No. The escrow smart contract is fully immutable — no admin key, no upgrade proxy, no ability for h402 or any party to move funds unilaterally once deposited. The agent deposits funds directly into the contract. h402 the organisation never holds, accesses, or controls those funds. This is a deliberate architectural decision, not a limitation.

What blockchains does h402 support?

h402 v1 deploys on Base, an Ethereum Layer 2 network. Base was chosen because the x402 protocol ecosystem, EAS attestation infrastructure, and Coinbase settlement tooling are concentrated there, and because USDC transaction costs on Base are the lowest of any EVM-compatible chain. Multi-chain support is on the v2 roadmap.

How does h402 verify that a worker is human?

h402 uses World ID for proof-of-personhood. World ID issues a cryptographic credential based on biometric verification, proving that a wallet address corresponds to a unique human. Workers register once; the credential is reusable across all tasks. In addition, workers build on-chain attestations through EAS — covering task history, professional licences, language certifications, and geographic verification. These attestations are portable across any marketplace that reads EAS schemas.

What types of tasks can agents post?

h402 is task-type agnostic at the protocol level.
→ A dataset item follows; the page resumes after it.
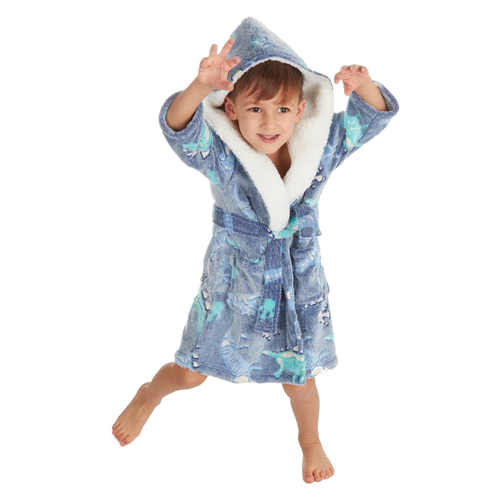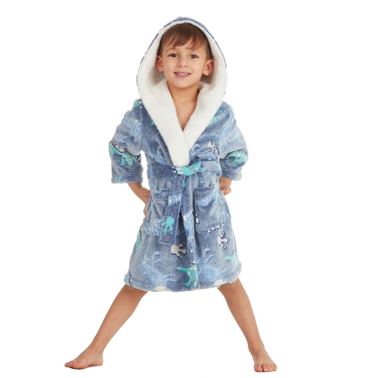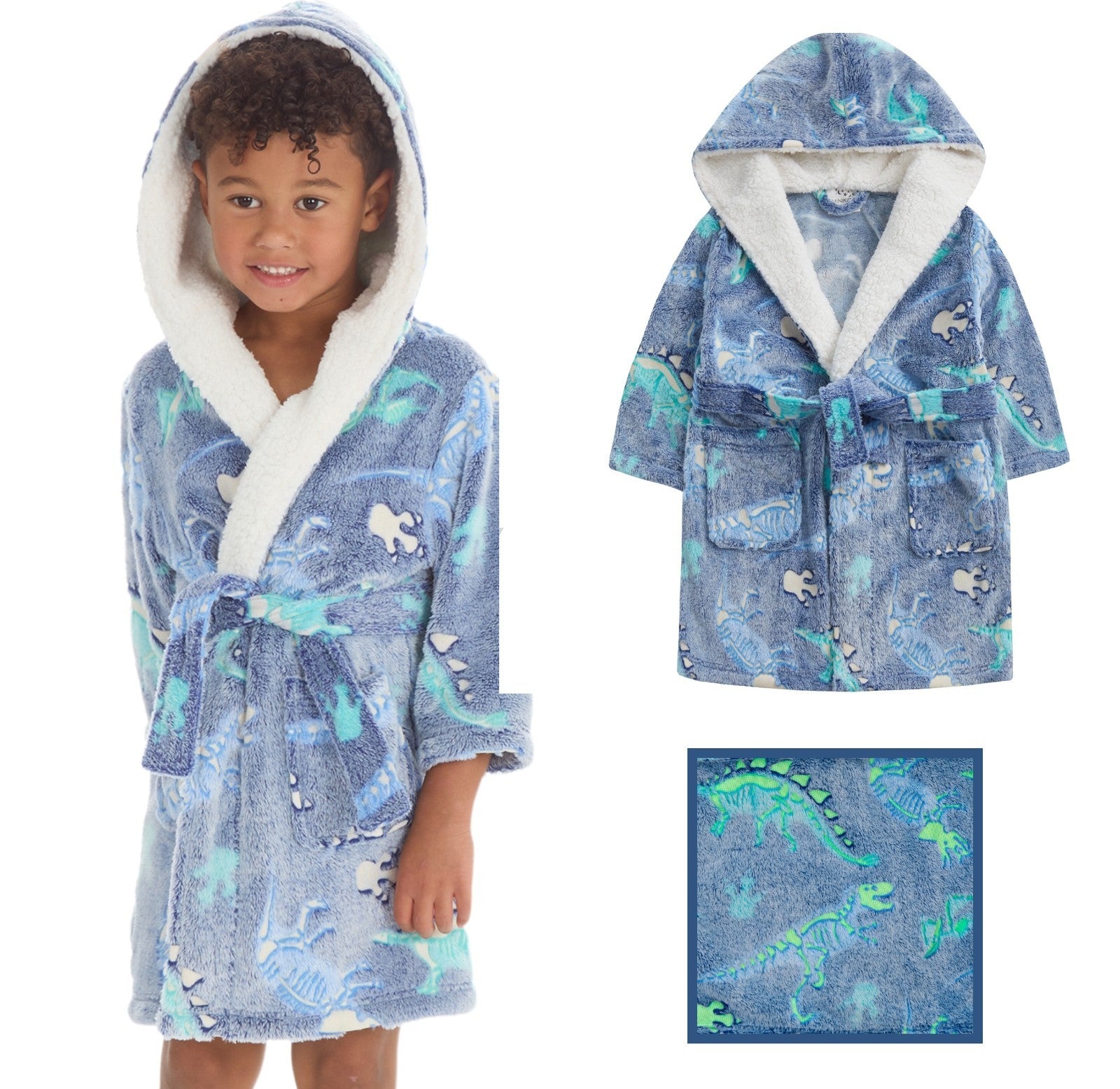 Kids Hooded Glow in the Dark Dinosaur Dressing Gown – Super Soft Fleece Robe with Belt

In v1, the platform is optimised for six categories with active agent demand today: complex CAPTCHA and bot-challenge resolution, physical location verification, data annotation and labelling, content moderation, medical and legal transcription review, and KYC document review. Professional services — notarisation, licensed medical and legal decisions — are on the v2 roadmap.

Can I build my own marketplace on h402?

Yes. h402 is an open protocol. Any developer or organisation can implement the spec and build their own marketplace, worker pool, or enterprise integration on top of it. The protocol spec, architecture documentation, and reference implementation are published on GitHub under an open source licence. Building on h402 does not create a dependency on any infrastructure operated by the h402 team.